Bürgermeister Mario Paul vertrat nun im Stadtrat wie Ruf die Ansicht, dass es über die allgemeingültigen Bestimmungen des Denkmalschutzes hinaus in Lohr keine zusätzliche städtische Regulierung brauche. Durch die Streichung der betreffenden Formulierung in der städtischen Satzung entfalle in der Stadtverwaltung der bisherige Aufwand einer Einzelfallprüfung.
Wird es weitere Lockerungen geben?
In der Diskussion gab es ausschließlich dem Antrag Rufs zustimmende Redebeiträge, allerdings mit Nuancen. So fragte Eric Schürr (Bürgerverein), weswegen man nicht gleich "den großen Wurf" wage und in der städtischen Satzung auch gleich Dachfenster oder sonstige Eindeckungen erlaube. So könne man Hemmnisse beseitigen, die bislang womöglich Dachausbauten in der Innenstadt entgegenstünden, argumentierte Schürr.
Uli Heck (Freie Wähler) regte an, sich zunächst Gedanken über weitere Änderungen der innerstädtischen Gestaltungssatzungen zu machen. Es bestehe bei der Satzungsänderung zunächst keine Eile, da ja auch das Gesetz zur Lockerung bei der Praxis der Solaranlagen noch nicht greife.

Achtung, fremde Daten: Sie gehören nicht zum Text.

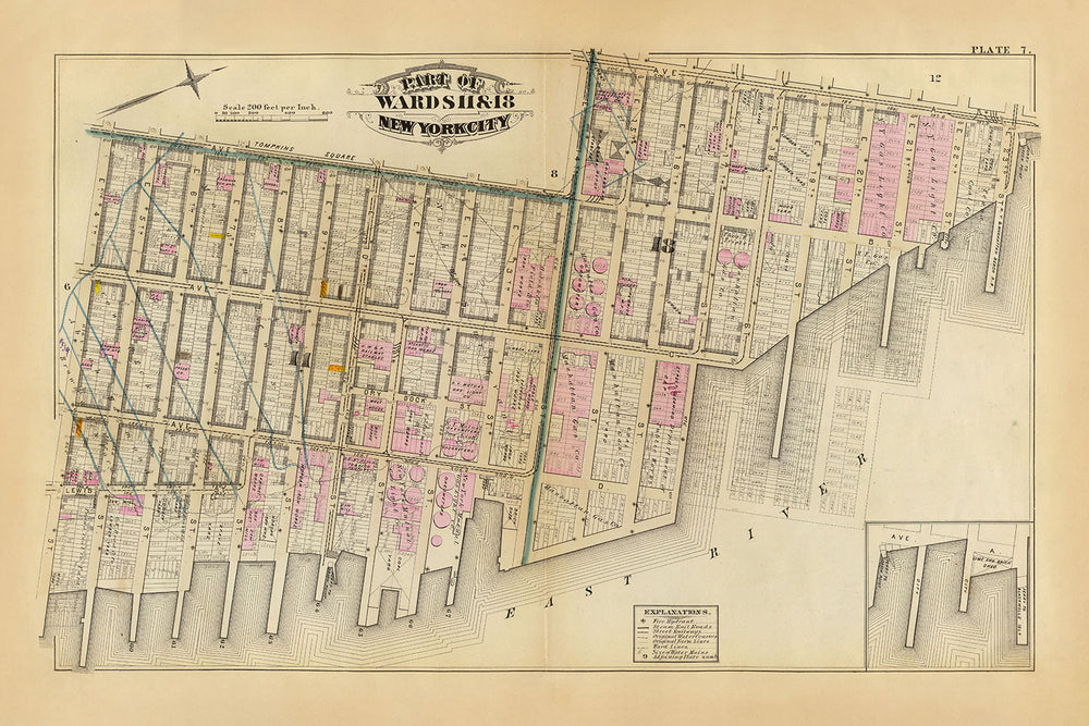 Si bien el atlas del que procede este mapa fue elaborado con un alto grado de precisión, es fundamental señalar que representa una ciudad de hace más de un siglo. Es posible que los edificios, calles y puntos de referencia hayan cambiado, desaparecido o existido desde 1879. Como tal, este mapa debe apreciarse como un documento histórico, que captura la esencia del Lower East Side de la ciudad de Nueva York tal como era, no como es. .

Bürgermeister Paul erklärte, dass man in der Verwaltung kontrovers über den Zeitpunkt der Satzungsänderung diskutiert habe. Ergebnis sei gewesen, dass man guten Gewissens schon jetzt die städtischen Einschränkungen bei den Solaranlagen im Altstadtbereich aufheben könne. Wer sich weitere Änderungen der Satzung wünsche, solle diese der Verwaltung mitteilen. Dann würden die Vorschläge geprüft.
ÖDP-Stadtrat Ruf plädierte dafür, dass die Stadt jetzt sofort ein Signal zur vermehrten Nutzung von Sonnenenergie aussenden solle. Ein solches Signal wirke vielleicht "über Lohr hinaus". Mathilde Lembach (Grüne) bezeichnete Rufs Initiative ebenso wie die Gesetzesinitiative der Staatsregierung als sehr begrüßenswert. Man müsse bei der Nutzung von Solarenergie auf vorhandenen Dächern möglichst "alle Hemmnisse aus dem Weg räumen".
Am Ende beschlossen die Stadträte einstimmig, das bisherige Verbot von öffentlich sichtbaren Solar- und PV-Anlagen ersatzlos aus der städtischen Gestaltungssatzung zu streichen.